- Sif on the cover of Thor: Son of Asgard #3. Art by Adi Granov.

Publication information
- Publisher: Marvel Comics
- First appearance: Journey into Mystery #102 (March 1964)
- Created by: Stan Lee (writer) Jack Kirby (artist)

In-story information
- Full name: Sif
- Species: Asgardian
- Place of origin: Asgard
- Team affiliations: Asgard
- Partnerships: Thor
- Notable aliases: Fair One Rose Chambers Sylvan Sybil Sif the All-Seeing
- Abilities: Superhuman strength, speed, agility, stamina, durability, reflexes, and longevity; Regenerative healing factor; Teleportation; Proficient use of cold weapons; Skilled hand-to-hand combat;

= Sif (character) =

Fictional character in Marvel Comics

Sif is a character appearing in American comic books published by Marvel Comics. Created by Stan Lee and Jack Kirby, the character first appeared in Journey into Mystery #102 (March 1964). She is based on the Norse goddess Sif. As an Asgardian warrior and lover of Thor, Sif often accompanies him into battle. She has also battled alongside Balder, who has developed an unrequited attraction to her, as she never shows affection for anyone but Thor and certain individuals who have proved worthy to wield his hammer, Mjolnir, such as the noble alien warrior Beta Ray Bill, and the mortal Eric Masterson.
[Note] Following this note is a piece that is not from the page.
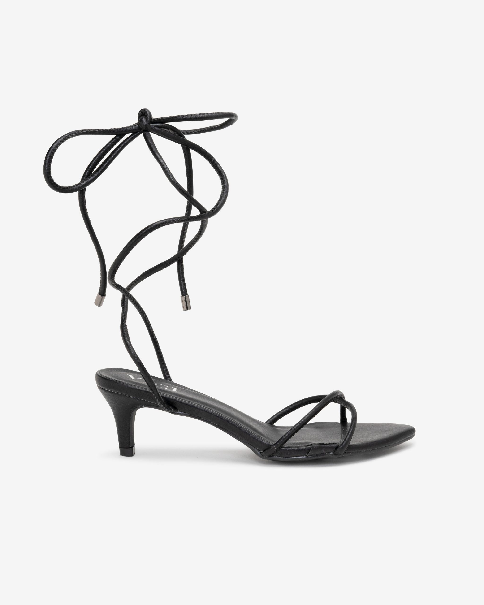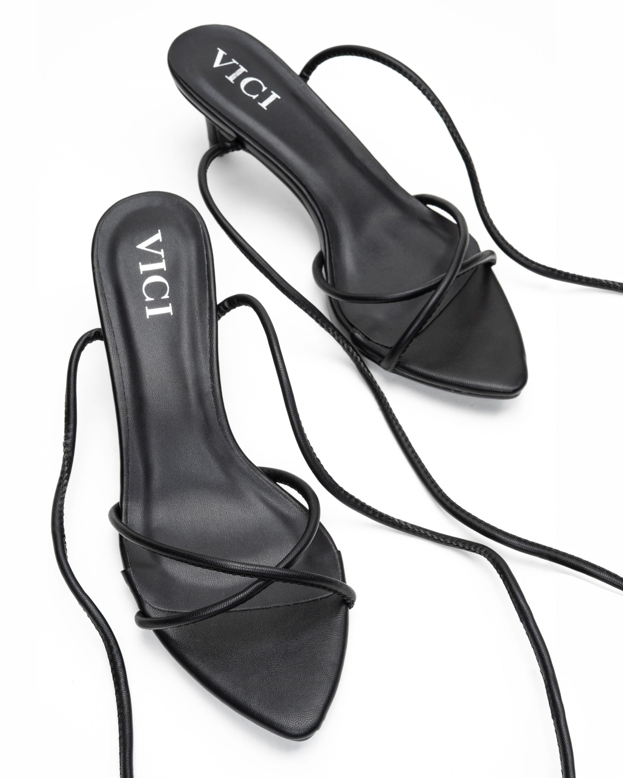 How chic and trendy are our Bella Faux Leather Strappy Kitten Heels? Give the stilettos a break with these faux leather kitten heels that have a pointed toe and an adorable wrap around ankle tie closure.

Sif has appeared in various media adaptations of Thor. Jaimie Alexander portrays Lady Sif in the Marvel Cinematic Universe films Thor (2011), Thor: The Dark World (2013), and Thor: Love and Thunder (2022), as well as the first and second seasons of the television series Agents of S.H.I.E.L.D. and one episode of the first season of the television series Loki. Additionally, alternate timeline versions of Sif appear in two episodes of the Disney+ animated series What If...?.

==Publication history==
Created by Stan Lee and Jack Kirby, Sif first appeared in Journey into Mystery #102 (March 1964). As a supporting character of Thor, she was featured predominantly in the pages of The Mighty Thor, beginning with issue #136 (January 1967). The character went on to make guest appearances in several series including The Avengers, Fantastic Four, The New Mutants, Silver Surfer and Thunderstrike.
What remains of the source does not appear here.